中国恒大の資金流用防止へ 地方政府が管理強化

香港にある中国恒大集団の建物=2018年3月(ロイター=共同)
香港にある中国恒大集団の建物=2018年3月(ロイター=共同)

【北京=三塚聖平】中国誌の財新(電子版)は27日までに、巨額負債で経営危機に陥っている中国不動産大手、中国恒大(こうだい)集団が住宅建設資金を別事業の債務返済に流用するのを防ぐため、中国各地の地方政府が恒大専用の口座開設を進めていると報じた。建設計画が頓挫して住宅購入者に混乱が広がることを防ぐ狙いで、地方政府が同社への管理を強め始めている。

財新によると、恒大は1200カ所以上の住宅などを販売しており、建設途中のものも多数あるもようだ。少なくとも江蘇、安徽、河南、貴州など8省・自治区と広東省の一部都市で8月末から、住宅購入者が恒大に支払った資金を保全するための専用口座を開設しているという。

恒大は、不動産開発以外の事業でも資金繰りが悪化している。

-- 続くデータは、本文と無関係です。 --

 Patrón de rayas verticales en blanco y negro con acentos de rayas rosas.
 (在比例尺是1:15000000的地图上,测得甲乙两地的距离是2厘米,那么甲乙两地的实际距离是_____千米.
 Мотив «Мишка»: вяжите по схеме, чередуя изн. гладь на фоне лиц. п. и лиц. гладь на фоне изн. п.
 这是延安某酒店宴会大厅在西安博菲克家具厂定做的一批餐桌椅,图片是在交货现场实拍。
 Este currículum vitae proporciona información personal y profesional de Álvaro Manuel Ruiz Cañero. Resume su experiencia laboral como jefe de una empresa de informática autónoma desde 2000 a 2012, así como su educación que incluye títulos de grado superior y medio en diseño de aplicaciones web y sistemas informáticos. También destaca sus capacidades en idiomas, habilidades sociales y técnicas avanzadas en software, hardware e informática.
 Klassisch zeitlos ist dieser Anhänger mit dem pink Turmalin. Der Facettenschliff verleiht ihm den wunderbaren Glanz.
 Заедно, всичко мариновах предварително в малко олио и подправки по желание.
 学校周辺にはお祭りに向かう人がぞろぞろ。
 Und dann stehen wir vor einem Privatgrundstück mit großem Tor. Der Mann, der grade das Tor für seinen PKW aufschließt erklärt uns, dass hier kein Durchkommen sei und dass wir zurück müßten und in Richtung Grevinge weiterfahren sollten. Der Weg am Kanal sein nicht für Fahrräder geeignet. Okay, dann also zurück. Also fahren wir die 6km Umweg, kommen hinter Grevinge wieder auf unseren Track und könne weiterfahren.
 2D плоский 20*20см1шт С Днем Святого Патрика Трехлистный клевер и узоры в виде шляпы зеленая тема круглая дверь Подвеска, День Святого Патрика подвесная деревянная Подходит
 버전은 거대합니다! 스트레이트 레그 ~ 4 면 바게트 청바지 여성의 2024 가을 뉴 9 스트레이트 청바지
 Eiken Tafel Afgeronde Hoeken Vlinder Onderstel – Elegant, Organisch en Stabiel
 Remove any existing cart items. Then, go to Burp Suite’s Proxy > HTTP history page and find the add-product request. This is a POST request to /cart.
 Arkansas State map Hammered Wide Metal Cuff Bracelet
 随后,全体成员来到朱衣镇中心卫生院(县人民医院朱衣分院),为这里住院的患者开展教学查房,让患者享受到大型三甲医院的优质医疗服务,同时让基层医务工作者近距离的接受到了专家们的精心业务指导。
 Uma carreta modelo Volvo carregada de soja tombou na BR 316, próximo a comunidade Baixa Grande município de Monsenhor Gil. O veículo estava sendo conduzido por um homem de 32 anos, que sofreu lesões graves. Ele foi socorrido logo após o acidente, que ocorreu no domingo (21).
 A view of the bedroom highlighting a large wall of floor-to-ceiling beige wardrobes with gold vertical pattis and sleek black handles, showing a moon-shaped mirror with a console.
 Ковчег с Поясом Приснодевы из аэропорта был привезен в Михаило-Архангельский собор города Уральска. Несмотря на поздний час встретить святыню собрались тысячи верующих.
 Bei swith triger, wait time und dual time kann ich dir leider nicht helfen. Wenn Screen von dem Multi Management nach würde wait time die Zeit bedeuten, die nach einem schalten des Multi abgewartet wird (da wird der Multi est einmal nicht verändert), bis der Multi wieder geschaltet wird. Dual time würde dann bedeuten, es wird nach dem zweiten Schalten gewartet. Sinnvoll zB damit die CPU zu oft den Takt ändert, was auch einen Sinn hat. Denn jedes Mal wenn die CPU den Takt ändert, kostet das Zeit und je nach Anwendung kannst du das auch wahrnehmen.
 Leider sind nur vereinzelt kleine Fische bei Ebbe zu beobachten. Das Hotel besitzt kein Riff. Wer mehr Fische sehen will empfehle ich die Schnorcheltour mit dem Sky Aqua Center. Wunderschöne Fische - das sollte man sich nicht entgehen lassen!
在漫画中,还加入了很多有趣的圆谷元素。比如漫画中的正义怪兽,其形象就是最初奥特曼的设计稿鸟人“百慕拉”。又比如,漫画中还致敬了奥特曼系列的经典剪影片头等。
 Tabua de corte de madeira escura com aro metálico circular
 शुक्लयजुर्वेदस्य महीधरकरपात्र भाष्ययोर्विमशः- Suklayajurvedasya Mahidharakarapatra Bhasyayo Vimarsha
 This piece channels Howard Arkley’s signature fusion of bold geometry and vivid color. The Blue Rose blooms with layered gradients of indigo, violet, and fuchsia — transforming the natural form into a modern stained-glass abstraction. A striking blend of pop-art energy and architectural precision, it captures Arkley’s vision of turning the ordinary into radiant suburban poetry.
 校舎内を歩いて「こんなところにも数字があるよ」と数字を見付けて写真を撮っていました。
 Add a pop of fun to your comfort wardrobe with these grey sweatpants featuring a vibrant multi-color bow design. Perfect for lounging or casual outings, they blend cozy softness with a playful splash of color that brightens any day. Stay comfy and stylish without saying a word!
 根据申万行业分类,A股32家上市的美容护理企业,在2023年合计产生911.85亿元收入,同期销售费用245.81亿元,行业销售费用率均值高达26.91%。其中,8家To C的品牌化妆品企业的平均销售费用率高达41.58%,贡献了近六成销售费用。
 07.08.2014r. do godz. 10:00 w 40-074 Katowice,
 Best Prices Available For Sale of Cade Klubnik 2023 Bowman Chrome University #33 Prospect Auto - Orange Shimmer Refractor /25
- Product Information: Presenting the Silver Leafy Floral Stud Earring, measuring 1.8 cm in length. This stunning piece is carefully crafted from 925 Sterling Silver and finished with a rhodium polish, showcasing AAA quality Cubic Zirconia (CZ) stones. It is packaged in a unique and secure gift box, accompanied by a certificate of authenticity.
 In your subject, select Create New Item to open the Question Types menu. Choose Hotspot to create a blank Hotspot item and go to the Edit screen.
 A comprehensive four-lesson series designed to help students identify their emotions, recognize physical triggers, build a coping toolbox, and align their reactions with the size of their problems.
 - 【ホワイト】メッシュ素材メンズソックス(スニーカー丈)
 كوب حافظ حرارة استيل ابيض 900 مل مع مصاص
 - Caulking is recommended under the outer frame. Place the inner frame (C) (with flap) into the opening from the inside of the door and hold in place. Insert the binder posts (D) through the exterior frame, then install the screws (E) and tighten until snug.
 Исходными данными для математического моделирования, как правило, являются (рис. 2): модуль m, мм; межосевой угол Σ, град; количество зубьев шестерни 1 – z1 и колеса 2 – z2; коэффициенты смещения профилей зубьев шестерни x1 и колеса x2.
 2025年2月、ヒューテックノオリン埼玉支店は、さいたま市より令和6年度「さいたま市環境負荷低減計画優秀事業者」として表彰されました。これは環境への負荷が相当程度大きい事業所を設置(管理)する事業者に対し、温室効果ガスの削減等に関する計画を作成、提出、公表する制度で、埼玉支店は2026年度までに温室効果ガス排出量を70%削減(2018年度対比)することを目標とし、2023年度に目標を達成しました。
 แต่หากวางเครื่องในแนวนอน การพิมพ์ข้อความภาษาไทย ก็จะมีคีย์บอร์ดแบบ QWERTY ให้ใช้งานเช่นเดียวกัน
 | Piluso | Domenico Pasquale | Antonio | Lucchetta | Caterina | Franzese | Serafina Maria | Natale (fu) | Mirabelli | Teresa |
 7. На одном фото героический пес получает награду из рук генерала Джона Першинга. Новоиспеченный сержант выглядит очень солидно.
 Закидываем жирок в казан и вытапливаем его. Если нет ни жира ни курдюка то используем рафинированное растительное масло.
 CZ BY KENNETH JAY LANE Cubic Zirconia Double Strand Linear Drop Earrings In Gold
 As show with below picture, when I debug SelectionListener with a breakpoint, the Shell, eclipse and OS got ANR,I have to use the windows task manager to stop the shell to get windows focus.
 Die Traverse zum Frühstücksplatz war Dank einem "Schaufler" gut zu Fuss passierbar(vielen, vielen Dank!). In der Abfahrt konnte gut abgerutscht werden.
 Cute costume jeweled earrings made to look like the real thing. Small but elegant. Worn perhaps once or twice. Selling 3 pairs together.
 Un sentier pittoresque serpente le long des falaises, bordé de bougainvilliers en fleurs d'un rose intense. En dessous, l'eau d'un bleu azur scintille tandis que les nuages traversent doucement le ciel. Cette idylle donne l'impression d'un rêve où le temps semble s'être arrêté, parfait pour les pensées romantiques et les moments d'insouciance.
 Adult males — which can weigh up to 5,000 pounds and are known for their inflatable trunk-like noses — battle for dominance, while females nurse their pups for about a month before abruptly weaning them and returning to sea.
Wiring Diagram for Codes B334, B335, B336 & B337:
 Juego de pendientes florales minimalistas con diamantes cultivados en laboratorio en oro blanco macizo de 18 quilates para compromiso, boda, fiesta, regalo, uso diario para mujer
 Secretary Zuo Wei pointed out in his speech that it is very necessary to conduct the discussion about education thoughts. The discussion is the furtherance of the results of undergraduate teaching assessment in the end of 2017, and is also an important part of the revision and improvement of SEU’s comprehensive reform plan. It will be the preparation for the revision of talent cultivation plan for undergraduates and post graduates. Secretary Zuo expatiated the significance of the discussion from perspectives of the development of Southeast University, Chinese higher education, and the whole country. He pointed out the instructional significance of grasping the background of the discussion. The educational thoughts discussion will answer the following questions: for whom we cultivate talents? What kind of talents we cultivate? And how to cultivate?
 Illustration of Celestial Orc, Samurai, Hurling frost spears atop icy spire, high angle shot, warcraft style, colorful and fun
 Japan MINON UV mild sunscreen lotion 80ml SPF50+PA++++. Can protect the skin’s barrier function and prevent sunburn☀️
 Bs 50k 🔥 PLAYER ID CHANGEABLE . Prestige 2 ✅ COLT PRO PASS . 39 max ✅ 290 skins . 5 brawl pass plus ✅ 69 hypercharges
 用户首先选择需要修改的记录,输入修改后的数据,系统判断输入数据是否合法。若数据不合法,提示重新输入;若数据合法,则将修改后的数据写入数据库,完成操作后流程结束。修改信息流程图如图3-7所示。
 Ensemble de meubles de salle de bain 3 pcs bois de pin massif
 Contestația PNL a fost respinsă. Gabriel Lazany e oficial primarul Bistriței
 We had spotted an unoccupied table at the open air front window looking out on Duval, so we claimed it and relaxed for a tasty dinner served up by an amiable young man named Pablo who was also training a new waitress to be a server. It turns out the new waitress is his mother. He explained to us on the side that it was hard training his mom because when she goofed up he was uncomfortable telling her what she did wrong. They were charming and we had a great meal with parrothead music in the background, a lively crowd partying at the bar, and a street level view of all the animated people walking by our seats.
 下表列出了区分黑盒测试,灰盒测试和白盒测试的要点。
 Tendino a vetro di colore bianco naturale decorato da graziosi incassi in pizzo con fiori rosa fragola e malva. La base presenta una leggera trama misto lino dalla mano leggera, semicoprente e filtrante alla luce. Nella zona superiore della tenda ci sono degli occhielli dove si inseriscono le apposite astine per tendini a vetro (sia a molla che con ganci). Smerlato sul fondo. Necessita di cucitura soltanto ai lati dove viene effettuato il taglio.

地方政府は、住宅建設に必要な資金が他事業の穴埋めなどに使われることを警戒している。

同社傘下で電気自動車(EV)事業を手掛ける中国恒大新能源汽車集団(恒大汽車)は26日夜、中国版ナスダックと呼ばれる上海証券取引所の新興企業向け株式市場「科創板(かそうばん)」への上場を断念すると発表。恒大汽車は香港市場に上場しているが、今後の資金繰りに影響する可能性がある。